Hungría parece estar menos confundida. Está construyendo una valla de
cuatro metros en su frontera con Serbia. Durante el último año ha
recibido más de 61.000 peticiones de asilo. Como se analizaba en Lefteast,
el partido de Viktor Orban, el Fidesz, ha comenzado una campaña de
carteles exigiendo de los recién llegados que respeten la cultura y las
leyes húngaras y no le quiten los trabajos a los húngaros. Además del
problema moral que genera estos pósters, se encuentra el lingüístico.
Están en húngaro, con lo que solo los comprenden los votantes. El país
centroeuropeo se ha convertido desde hace tiempo en adalid de la lucha
antimigratoria (así se declara casi la mitad de la población húngara).

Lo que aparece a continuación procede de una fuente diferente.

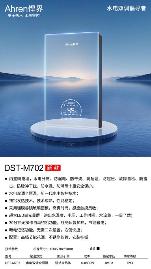 Ahren悍界DST-M702采用的高端的“鑄鋁發熱技術+水電雙調全恒溫+大屏幕顯示+內置隔電墻”的產品平臺,內置隔電墻,應用了防漏電、防干燒、防超壓、故障自檢、防雷擊、防脈沖干擾、防水濺、防潮等多種安全保護,確保產品的安全。大屏幕顯示,電壓、進水溫度,出水溫度、水流量一目了然。M702面板采用了高端的睿鏡鍍膜玻璃面板,具備鏡子一樣的效果。
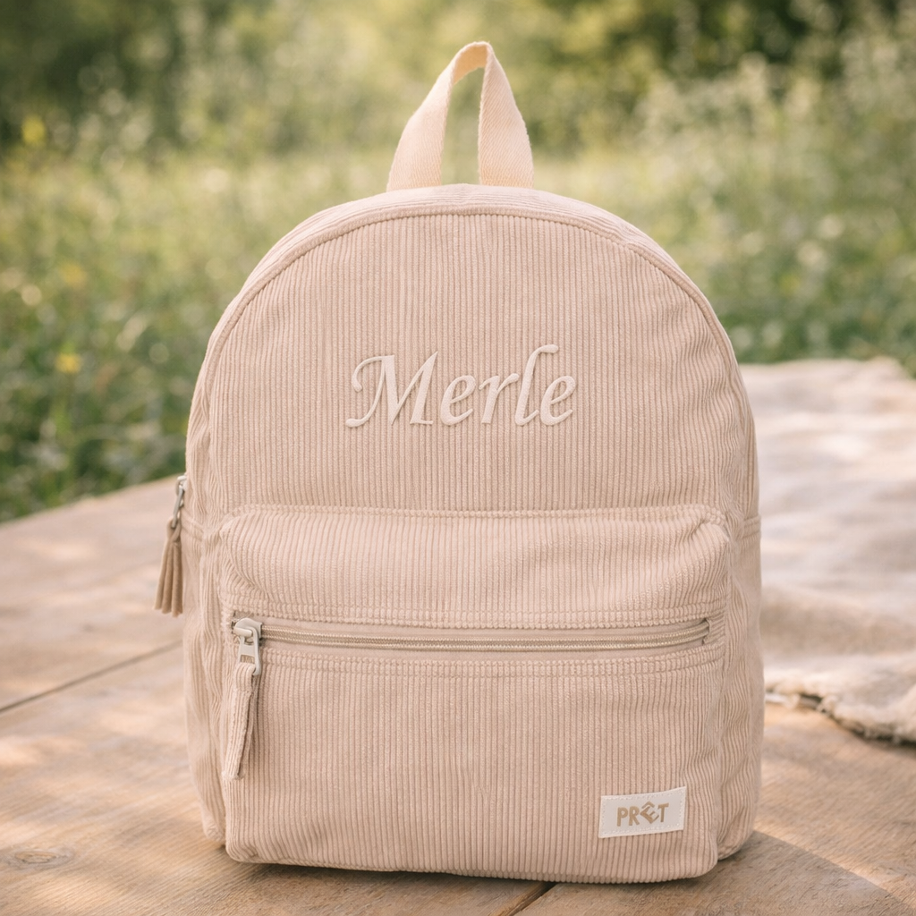 Kidzroom Rygsæk i blød ribstof - Beige - med/uden navn

Hungría ha suspendido su adhesión a la regulación de Dublín por “razones
técnicas”. Los que ahora llegan reciben la categoría de inmigrantes
económicos, no aprobando peticiones de asilo de ningún refugiado llegado
de cualquier país de la Unión. No obstante, el partido satírico fundado
en 2006, Magyar Kétfarkú Kutya Párt (Partido húngaro doble rabo de perro) ha respondido con sus propios carteles en inglés (¡Vengan a Hungría por todos los medios, nosotros ya estamos trabajando en Londres!).
Sorprende que Natalija Dević defienda que ni en los tiempos de
Slobodan Milošević había visto tantos refugiados en las calles de
Belgrado —lo cual es cierto porque lo tenían prohibido pero también
porque eran forzados a ir a otros lugares de la geografía serbia—.
Sorprende porque no hay ciudad serbia o ex yugoslava que no haya
cambiado radicalmente su tejido social en las dos últimas décadas.
Sorprende, además, porque este verano hace dos décadas que cerca de
250.000 serbios fueron expulsados de Croacia durante la Operación
Tormenta, en la que también fue la otra mayor crisis de
refugiados en Europa desde la Segunda Guerra Mundial. La cifra se eleva
si contabilizamos los casi 4 millones de desplazados y refugiados que
generaron las guerras de secesión de Yugoslavia. Sorprende porque las
migraciones forzosas son parte del acervo local, sobre las cuales se ha
construido la épica nacional desde hace siglos. Resulta extraño, en
definitiva, que haya locales que no entiendan las circunstancias
extremas que viven sirios, afganos, libios. Aunque haya quien tenga 10
billetes de 100 euros en los bolsillos para pagarse algunas noches bajo
techo… y a la mafia que espera en las fronteras de la UE, lo cual no
deja de ser un privilegio respecto a los que no pueden ni emigrar. En
los Balcanes todo el mundo se siente víctima de algo, incluso sin
saberlo de su absoluta falta de memoria, o lo que es peor, de empatía.
Tampoco sorprende que la respuesta a este desafío humanitario, de
dimensiones catastróficas, sea fragmentada, como sostenía
en su artículo la profesora, Ruth Ferrero Turrión. No sorprende, sin
embargo, que la ausencia de ayuda o el rechazo a la llegada de
refugiados provenga de algunos de los países que por acción o inacción
más tuvieron que ver con las causas que provocaron esta avalancha.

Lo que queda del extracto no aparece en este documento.